> [YOUR ASSIGNMENT]: The output should be the listing below, limited to the lines from the one with "ANTI-SHATTERPROOF&ANTI-SCRATCH: TORRAS for" through the one with "Mikro Zirkon Taş", exact and without pictures.
BEGIN
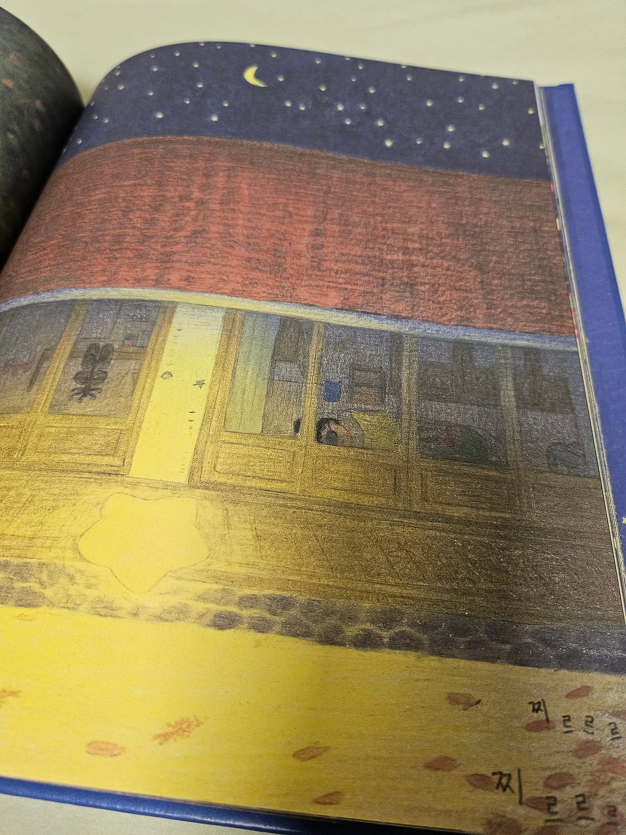 마치 달빛을 쬐고 있는 듯 마루에 놓여 있는 별이 보입니다. 달에게 받은 빛으로 아이와 엄마가 있는 집을 환하고 따뜻하게 해주는 것처럼 느껴지기도 합니다. 안녕달의 그림책에는 늘 안녕달표 온기가 습니다.
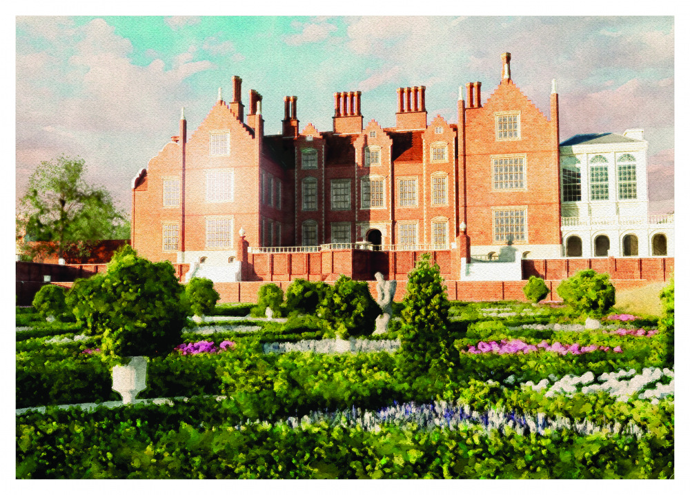 Oxnead Hall, church and gardens as we envisaged they looked at the time of the visit of King Charles II, in the 1670s.
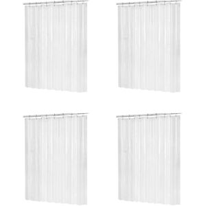 FRESH and CLEAN: Mold and mildew resistant, it wipes clean for hygienic and easy cleaning. HYDROFUMER: Keep splashes and sprays in the bath or shower, not on the bathroom floor. Size: 180 x 180cm Material: PEVA Color: Transparent Package Contents: 4 x Shower Curtain 48 x Hook Only the above package content, other products are not included. Note: Light reflection and different displays may cause the color of the item in a little different from the real thing. The measurement allowed error is +/- 1-3 cm.
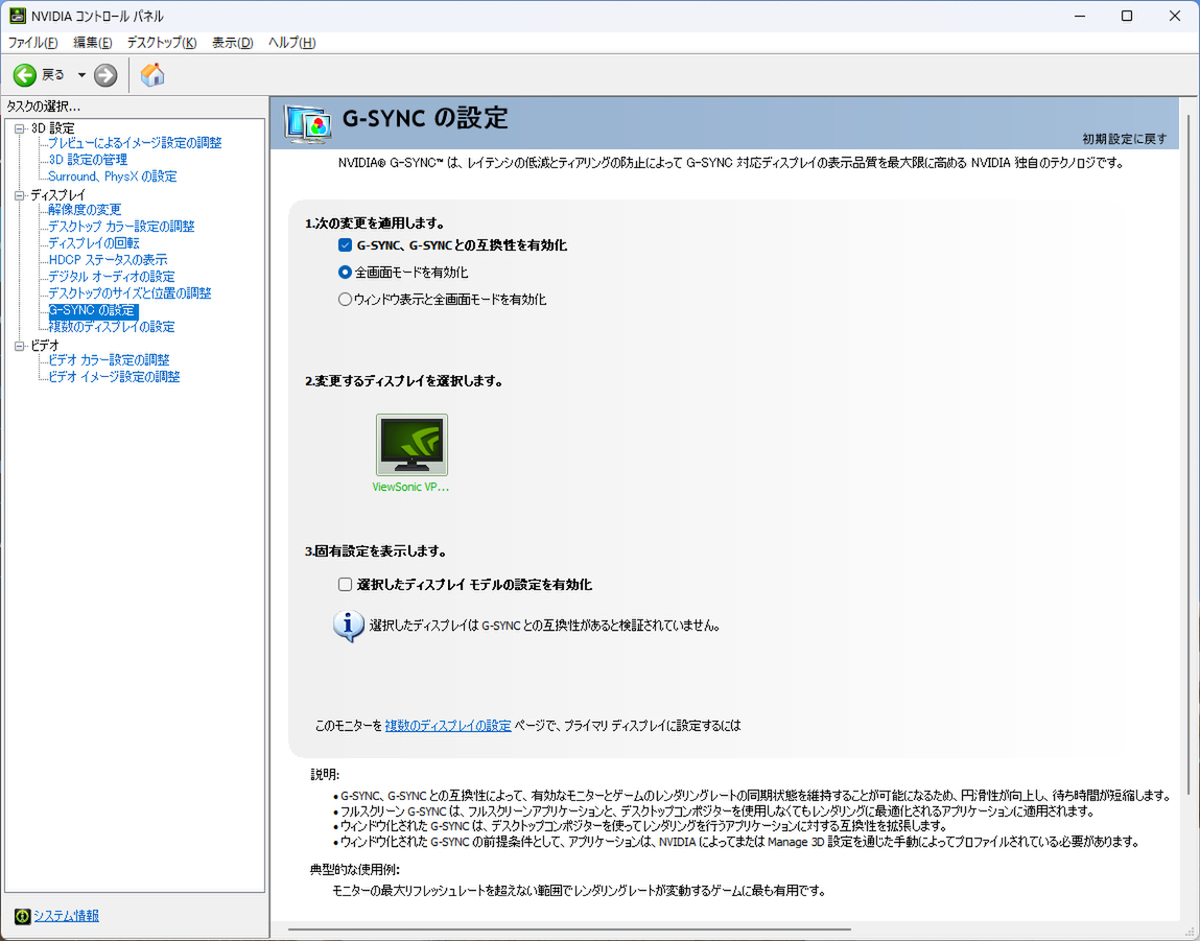 ちなみに、「GeForce RTX 5060 Ti」を搭載したPCに「VP2456」を接続し「Adaptive Sync」を有効にしてみると、G-Syncの互換モードである「G-Sync Compatible」として動作した。そのため、フリッカー(チラつき)やスタッタリング(カクつき)といったゲームプレイ中の画面の乱れを抑えられる点はありがたい。
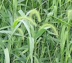English: giant foxtail, chinese foxtail, Chinese millet, giant bristlegrass, nodding foxtail, Japanese bristlegrass
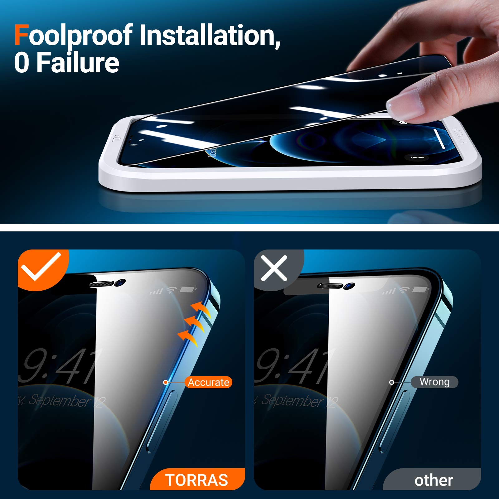 ANTI-SHATTERPROOF&ANTI-SCRATCH: TORRAS for iPhone 12 Pro Max tempered glass screen protector made of 9H super strong military explosion-proof glass, and the strengthened edge design ensure the corners of the screen are protected well. Your screen will be as new as day one, even if it falls from 6 Ft height
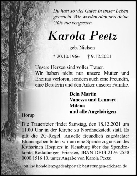 Karola Peetzgestorben am 9. Dezember 2021
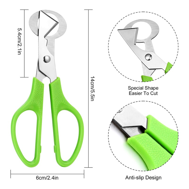- Features: The quail egg scissors are easy to use and hygienic. The hole or circle of the quail egg scissors has the inner edge, which is smooth and not sharp, and the egg shell can be cut cleanly and tidily. Safe and saves time, leaves no shell pieces.
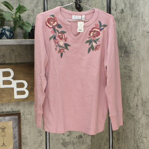 This sweet top is dripping with feminine appeal thanks to embroidery details and a split V-neckline.
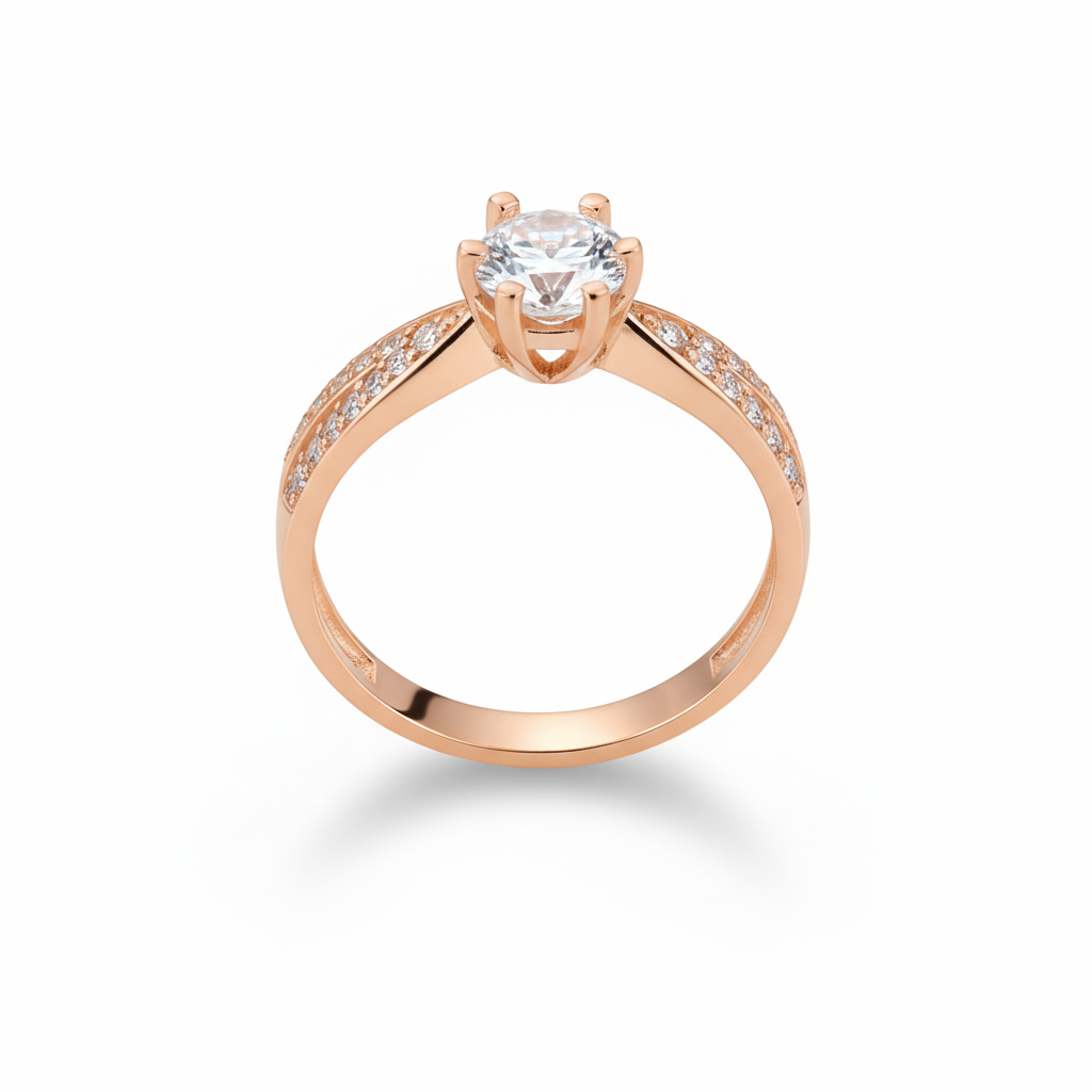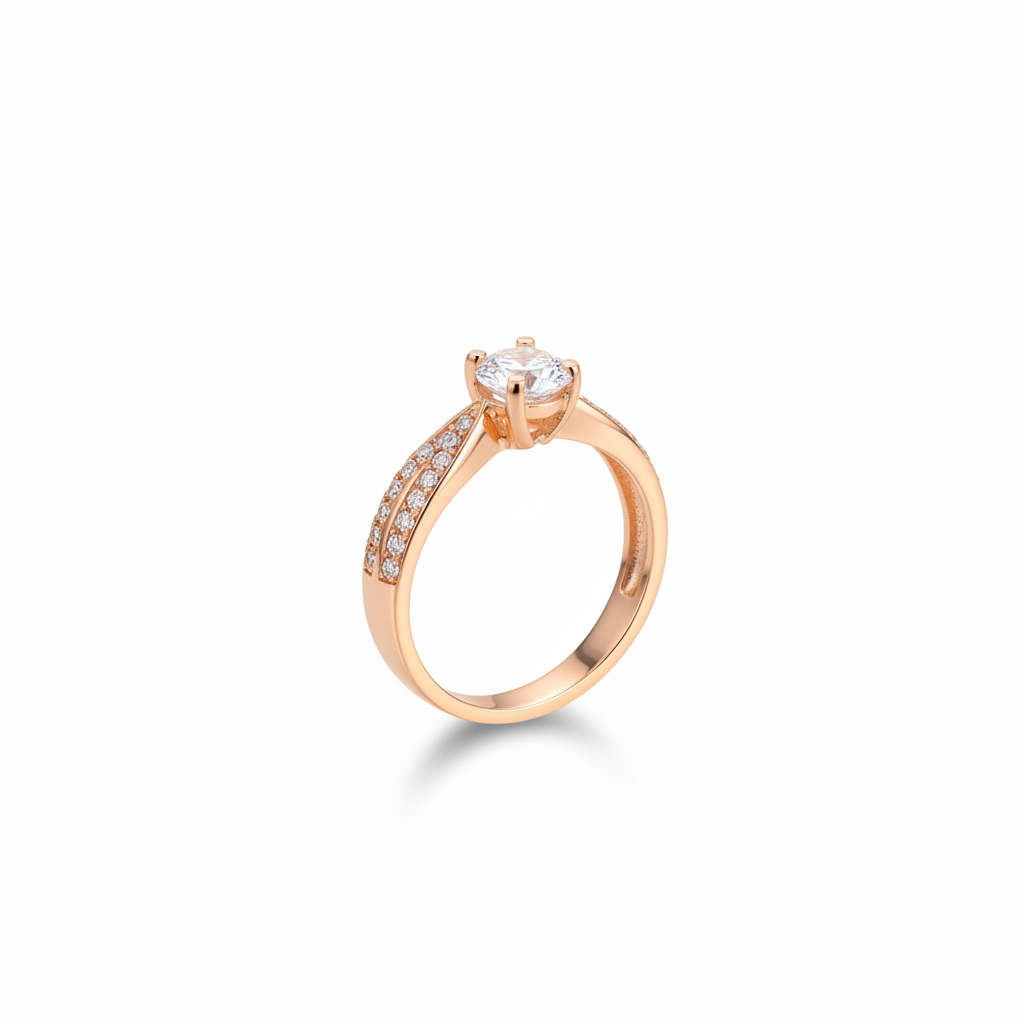 Mikro Zirkon Taş Süslemeli Rose Renk Ayarlanabilir Ölçü 925 Ayar Gümüş Kadın Tektaş Yüzük
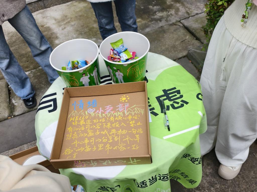 活动伊始,同学们陆续来到现场,他们带着或沉重或迷茫的心情,将自己近期的烦恼、焦虑或困惑认真地书写在便签纸上,投入“焦虑盒子”中。这一刻,象征着暂时“寄存”或“释放”内心的负面情绪,仿佛将那些沉重的包袱暂时放在了这个安全的地方。紧接着,他们怀着期待的心情,从“安慰盲盒”里随机抽取一张由其他参与者预先写下的鼓励便签,感受来自他人的温暖与力量。参加活动的陈同学说到:“当我从盲盒里抽出那张写着‘别担心,一切都会好起来的’纸条时,心里突然涌上一股暖流,好像真的没那么焦虑了。”另一位李同学也分享道:“把自己的烦恼写下来,再收到别人的鼓励,这种互动让我觉得不再孤单,面对困难也更有勇气了。”
END
> [RESPONSE AREA]:
 ANTI-SHATTERPROOF&ANTI-SCRATCH: TORRAS for iPhone 12 Pro Max tempered glass screen protector made of 9H super strong military explosion-proof glass, and the strengthened edge design ensure the corners of the screen are protected well. Your screen will be as new as day one, even if it falls from 6 Ft height
 Karola Peetzgestorben am 9. Dezember 2021
- Features: The quail egg scissors are easy to use and hygienic. The hole or circle of the quail egg scissors has the inner edge, which is smooth and not sharp, and the egg shell can be cut cleanly and tidily. Safe and saves time, leaves no shell pieces.
 This sweet top is dripping with feminine appeal thanks to embroidery details and a split V-neckline.
 Mikro Zirkon Taş Süslemeli Rose Renk Ayarlanabilir Ölçü 925 Ayar Gümüş Kadın Tektaş Yüzük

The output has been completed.